Could I get Cliff back? He was supposedly driving the SUV back to LA, but if they hadn’t left yet, maybe Bethany or Tara could drive. But convincing Cliff to help me save a bunch of vampires, without Dashiell’s permission, was going to be a hard sell. “I might have one other guy. Human, but a well-trained bodyguard type.”

“That’s good. And you mentioned a witch?” she asked.

“Yeah, Laurel. But she’s pretty weak.” I shot an apologetic look at Wyatt, who shrugged in a you’re not wrong kind of way.

“There may be ways to boost her magic,” Lex said immediately. “That’s something I’ve been working on here. Is she a trades witch?”

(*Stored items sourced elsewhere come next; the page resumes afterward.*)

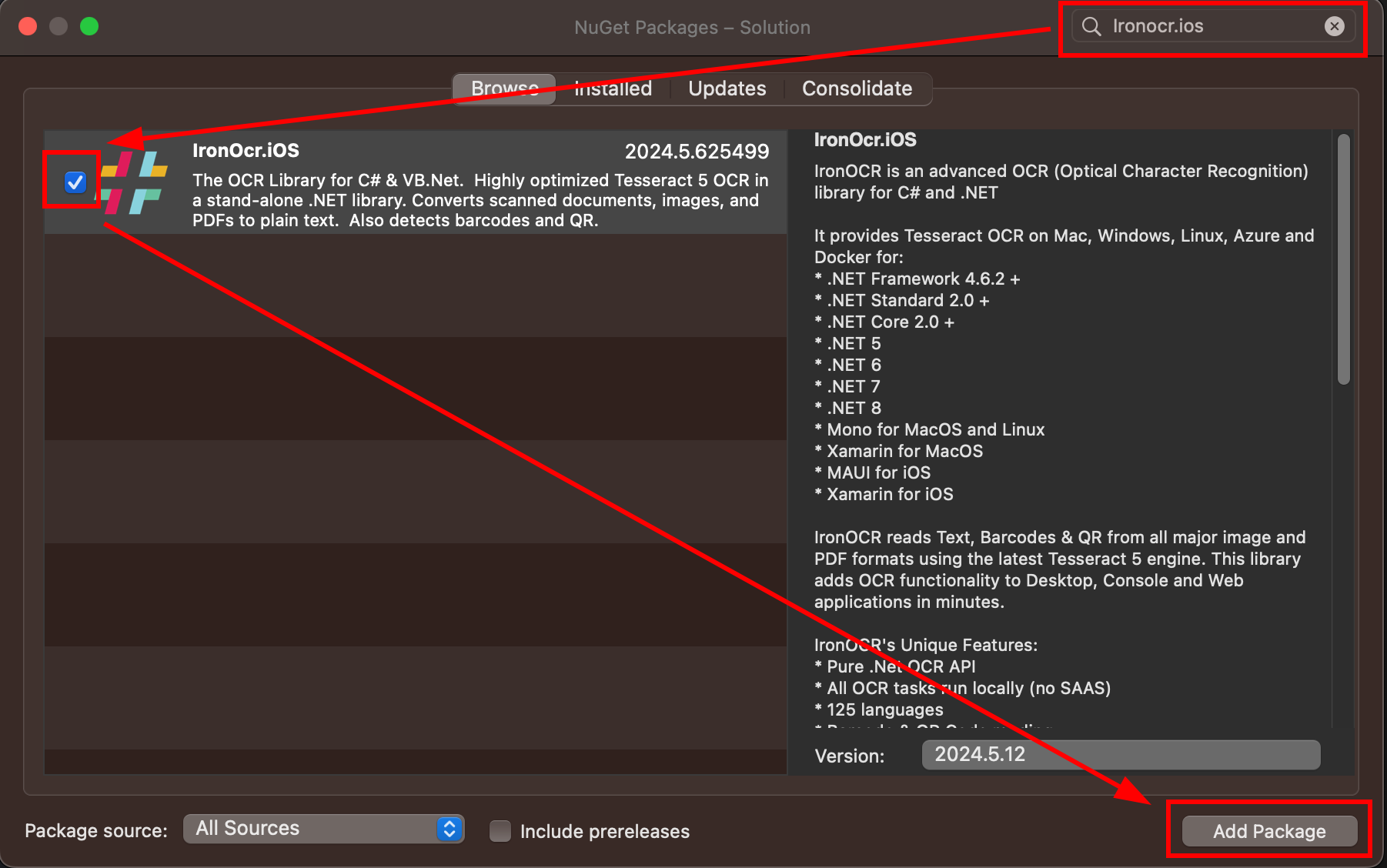 3. Sélectionnez le package " IronOcr.iOS " et cliquez sur " Ajouter un package ".
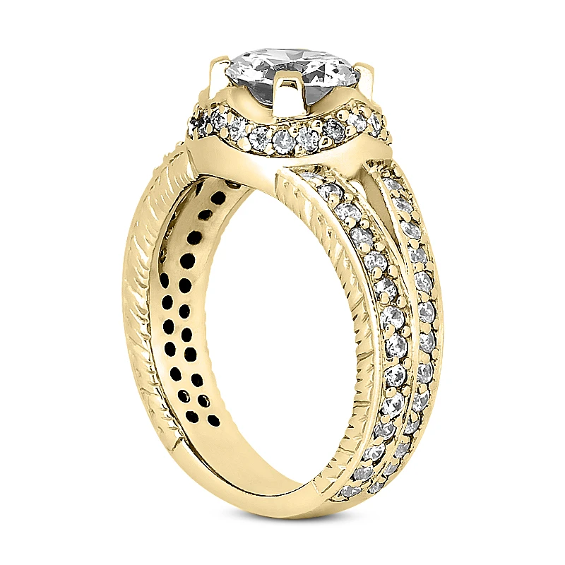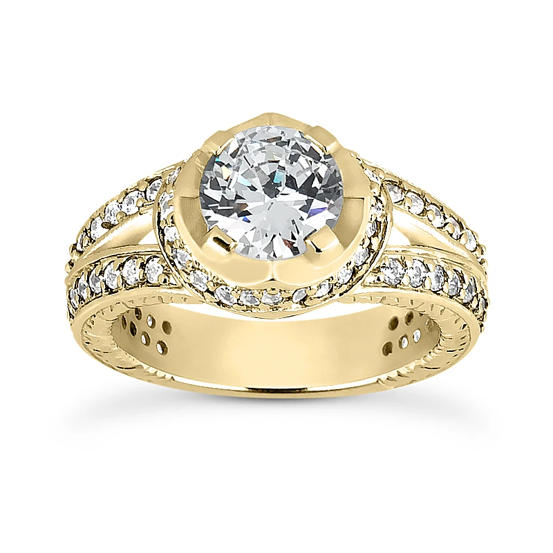 This 14K Gold Unique Diamond Engagement Ring showcases a 0.85 carat round diamond in the center and 0.78 carats of round diamonds on the sides for a total of 1.63 carat of dazzling diamonds and is available in Platinum, 18k or 14k yellow, rose, white gold, various sizes, and can be customized with any color and quality diamonds. Center diamond can be from 0.85ct to 3ct (gold weight and number of stones may vary). Please note: it will take us 3-5 business days to make this ring for you so please plan accordingly. Please contact us at 212-398-3123 if your size or desired option is not listed.
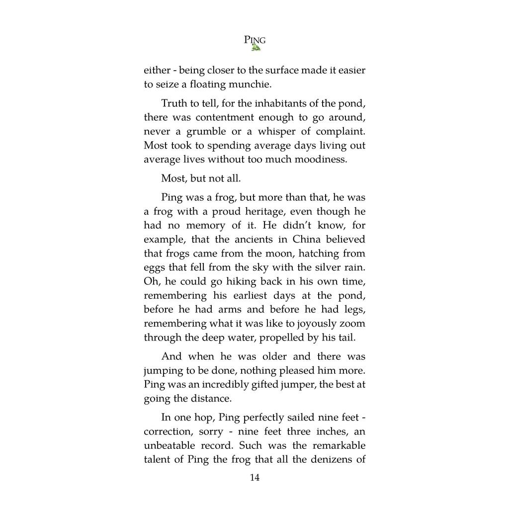 Mong rằng Ping – Vượt Ao Tù Ra Biển Lớn sẽ khơi nguồn cảm hứng và giúp bạn thực hiện một cú nhảy vọt bằng những khả năng tuyệt vời của chính bản thân mình. Khi bạn cầm quyển sách này trên tay, chứng tỏ rằng bạn đang mở rộng lòng mình trước những tiềm năng vô hạn của bản thâ
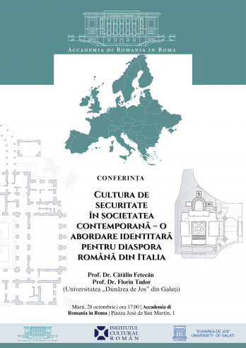 Accademia di Romania in Roma, în colaborare cu Universitatea „Dunărea de Jos” din Galați, organizează în 28 octombrie 2025, cu sprijinul Institutului Cultural Român, conferința Cultura de securitate în societatea contemporană – o abordare identitară pentru diaspora română din Italia.

Most witches did general magic, but a few specialized in something, the way Sashi could do healing magic and Lex worked with death magic. I started to ask Wyatt, then just said, “Hang on, I’m going to put you on speakerphone with Wyatt; he’s the family friend.”

“Is Laurel a trades witch?” I asked him after I’d hit the speakerphone.

Wyatt hesitated. “Not exactly,” he said. “She can do trades magic, but her clan has a sort of talent. I wouldn’t call it a specialty so much as a . . . family tradition. It’s what brought them to Vegas, actually.”

He launched into an explanation, while Lex and I listened silently. I couldn’t tell what Lex was thinking, but at the end Wyatt added, “Look, Laurel’s already got one kid, and her wife’s expecting their second. I don’t want to put her in danger, not for me. Not for my revenge.”

“That’s okay,” Lex said. “I think you can use her ability without putting her in harm’s way.”

“How?” I asked.

“Well, look, you guys are going to have to make your own plan, based on the terrain and the players. But I do have a few . . . suggestions.”

Chapter 28

After I hung up with Lex, Wyatt went down to the seating area to call Laurel, while I sat on the bed and called Cliff. When he answered, he was in the Venetian parking lot, driving around to pick up Juliet, Tara, and Bethany to rush them back to Los Angeles. I asked him to pull over for a moment, and explained the situation.

“I don’t know, Scarlett,” he said, sounding uneasy. “No offense, but I’m not all that invested in saving a bunch of vampires from themselves. And this does not sound like something Dashiell would want you to do.”

I heard something in his voice. On a hunch, I said, “Did Hayne already call you?” Dashiell would be pissed that I was going against his wishes, if not his direct orders. And Hayne was Dashiell’s human right-hand man.